Venture Capital Returning to Medical Device and Biotech Sector after burning money in healthcare IT.
The year 2013 will be one of climbing out from a long era of darkness for venture capital. After all, you have to go all the way back to 1999 dotcom to find a time when VC earned market-beating returns. When recession hit, the VCs regressed to what they know made money for them IT. Suddenly the VC all jumped on social media play in healthcare, healthcare records, apps that monitor heart rate, blood pressure, oxygenations..silly stuff..thinking this is the way to go.y

Silicon Valley professionals must step out of their 10Mile radius to see what the country need. Just because their next door neighbor worked and made money at FB or twitter the investor thinks the whole life science industry is now moving  to their smart phones to figure out how to treat problems. IT firms can bring knowledge, not treatments. For example, it can tell a patient all about their errectile dysfunction but will not be able to treat them.  VCs learned this the hard way, all of 2008to 2013 was spent on these new apps, health care record technology and now realizing there is no IP, no patent protection, no exits, instead dealing with crazy competition and no chance of exits.
A general survey of VCs conducted in 2012 " tyipical herd mentality" generated the following results of the survey : Capital is expected to flow into start-ups that provide information technology to businesses. More specifically, 61% of respondents expected increased investment in business IT, while 57% predict a rise in investment in health-care IT.
What happened: Typical VC fund was a big money-loser, generating an internal rate of return of -5.2%

In 2013, Some VCs started buying stake in start-ups that were winding down just to show the deals to their LPs. They would put their associates in-charge of the  start ups. The associates supposed to be from top notch schools, thought this is promotion. It was the paradox, they were set to fail with a poorly run and bad technologies. But the VCs firm looked good on the books. That's what matters when it comes to "CYA"
It appeared that the VCs were reorganizing and making a lean team, but infact were buring more on inefficient companies in the hands of rookies!

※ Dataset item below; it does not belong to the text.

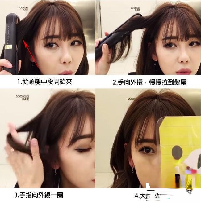 在夹的时候,建议大家从头发中段夹,手慢慢向外卷并拉到发尾,接着用手指绕卷度做加强!是不是很简单~细软发的人,建议在夹头发的时候可在发尾多停留2秒!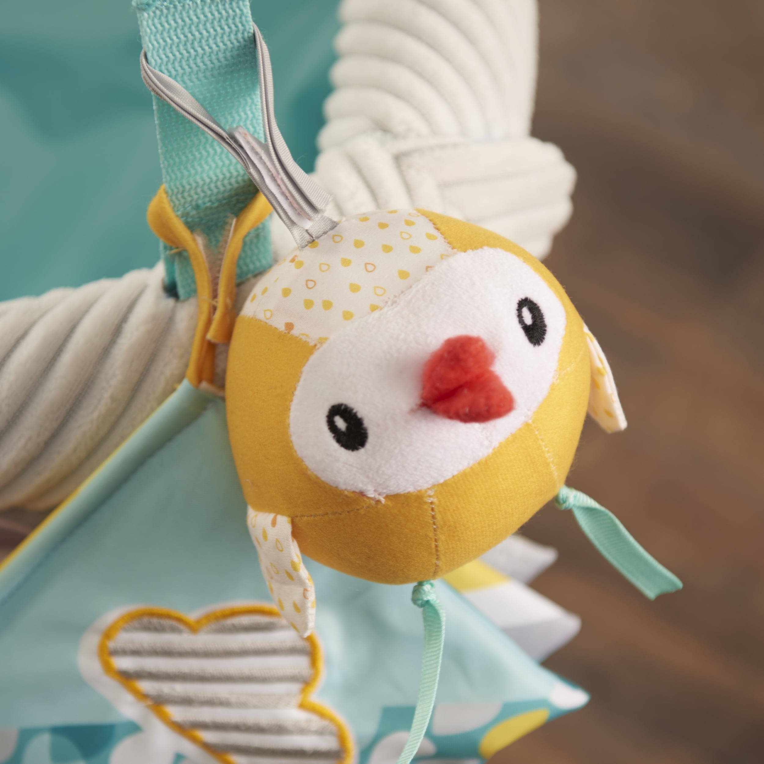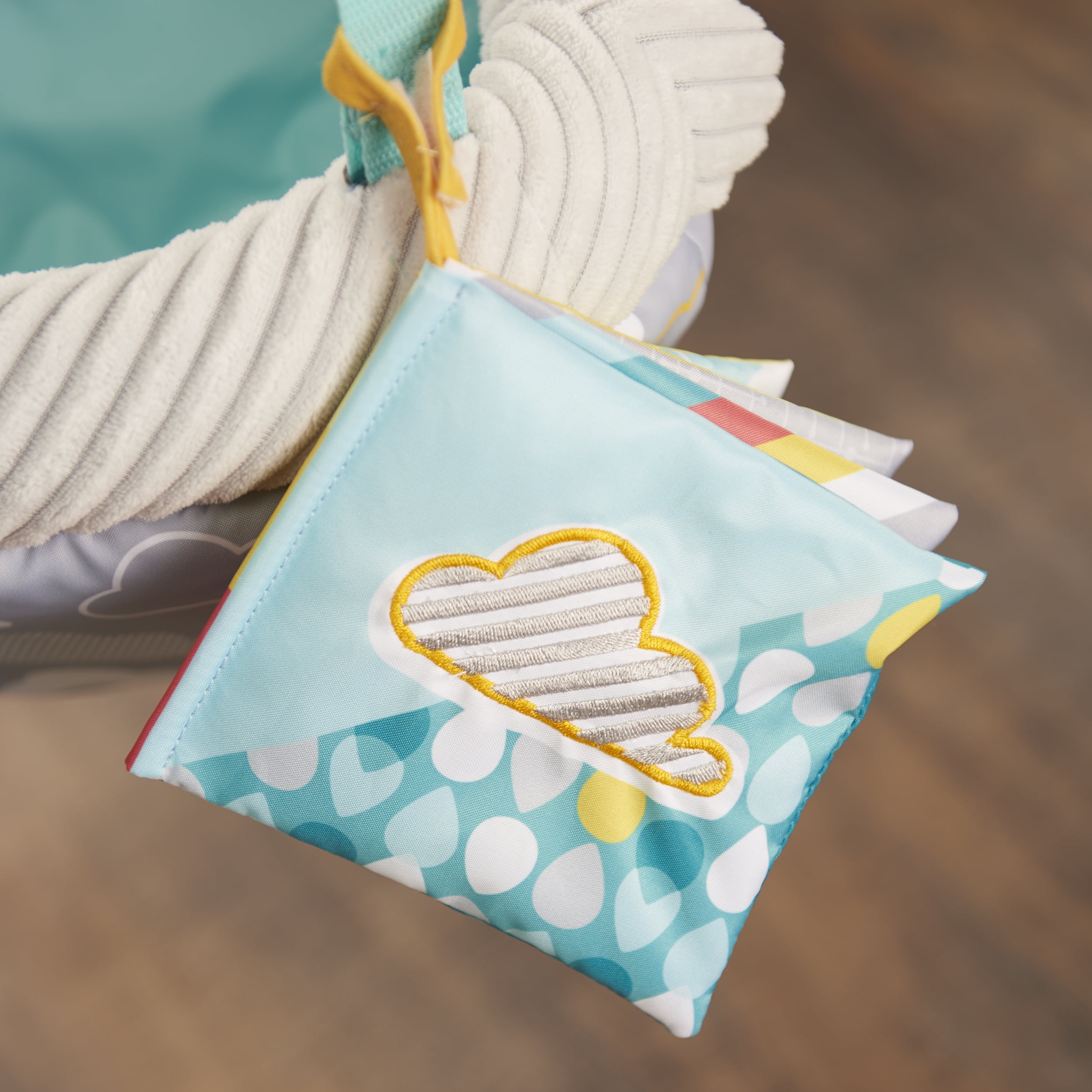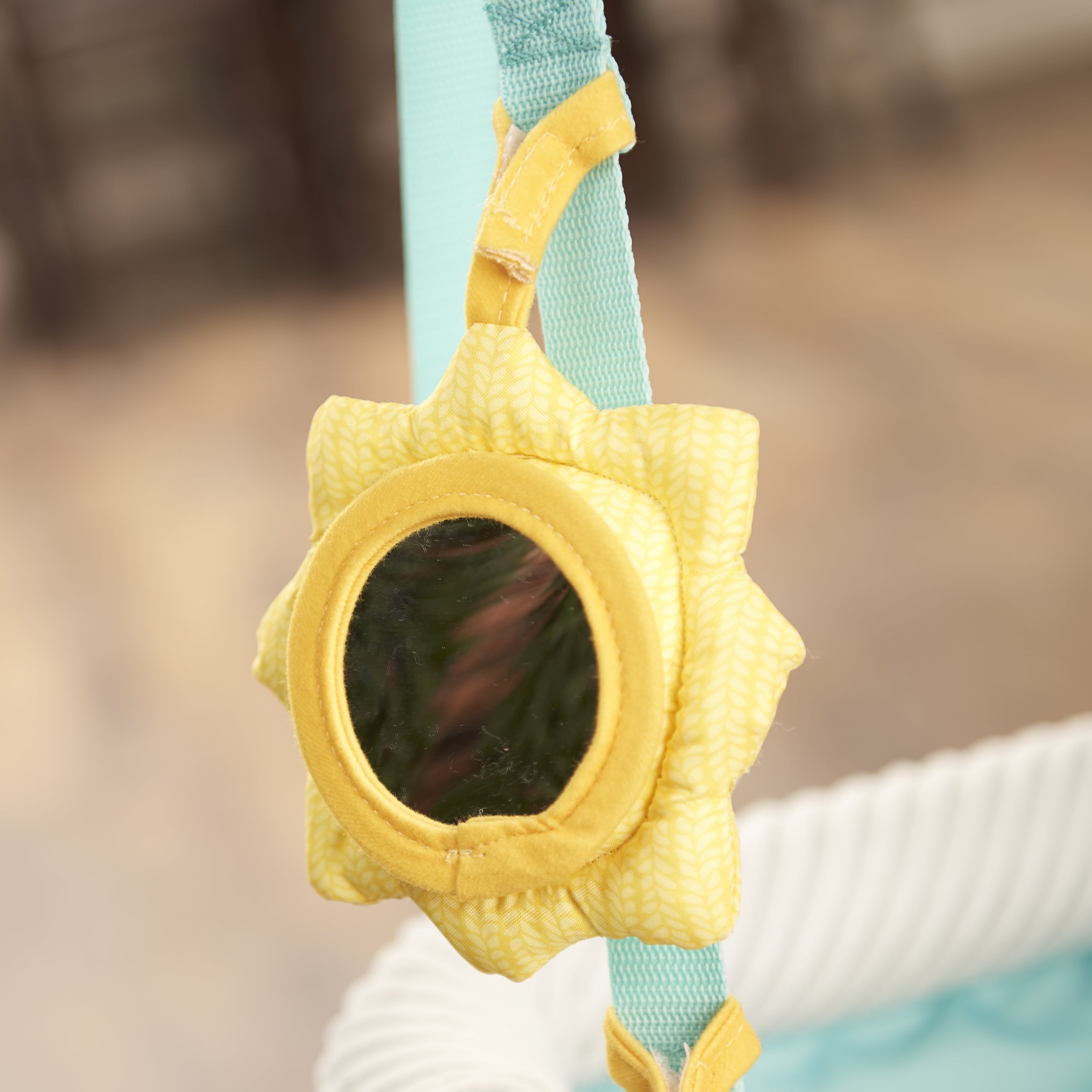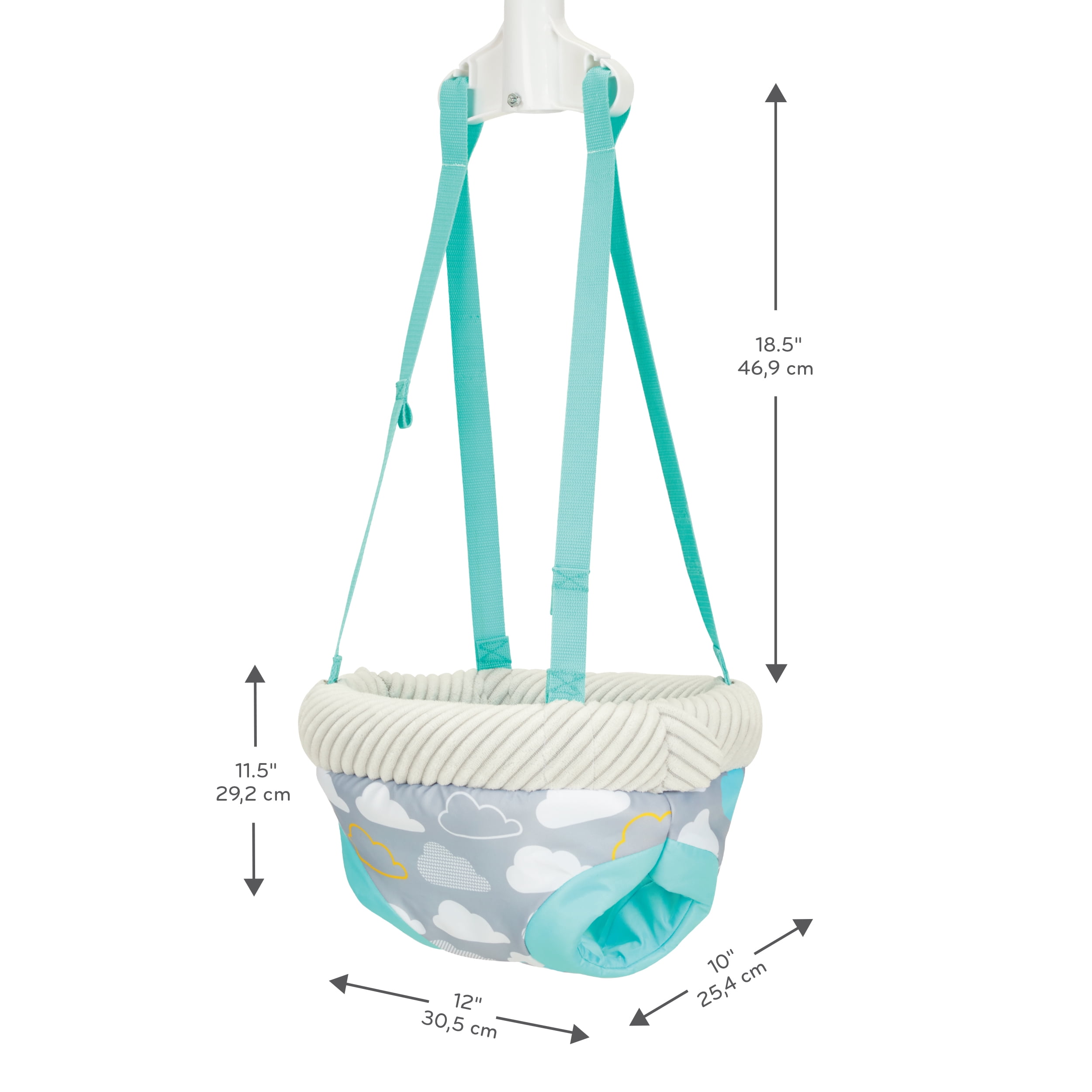 The ExerSaucer® Sweet Skies Door Jumper with Removable Toys delivers jump after jump for your little one with the added fun of four removable toys. Jumping provides entertainment and exercise, without taking up floor space! Four removable, plush toys are easy to take with you for playtime fun anywhere! Toys include a self-discovery mirror, tag rainbow, plush rattle and peek-a-boo flip book. The easy-to-use clamp makes moving the jumper from room to room a breeze, and the adjustable straps give you a customized height for your child as they grow. Because setup is quick and doesn’t require tools, this item is perfect to throw in a travel bag for day trips or vacations. The soft, premium fabrics and toys are wipeable and machine-washable, a convenience you’ll love.

Smaller VCs who follow large VCs blindly put good money after bad money. What are the small VC firms thinking?. The large VCs acted because of their frustration with FDA, recession and tax issues.
Now after burning their money in the IT space, they are back to medical device and biotech sectors. They are seeing FDA turning around, more demand for med device sector worldwide. 2014 will see the return of the VC to the medtech and biotech sector.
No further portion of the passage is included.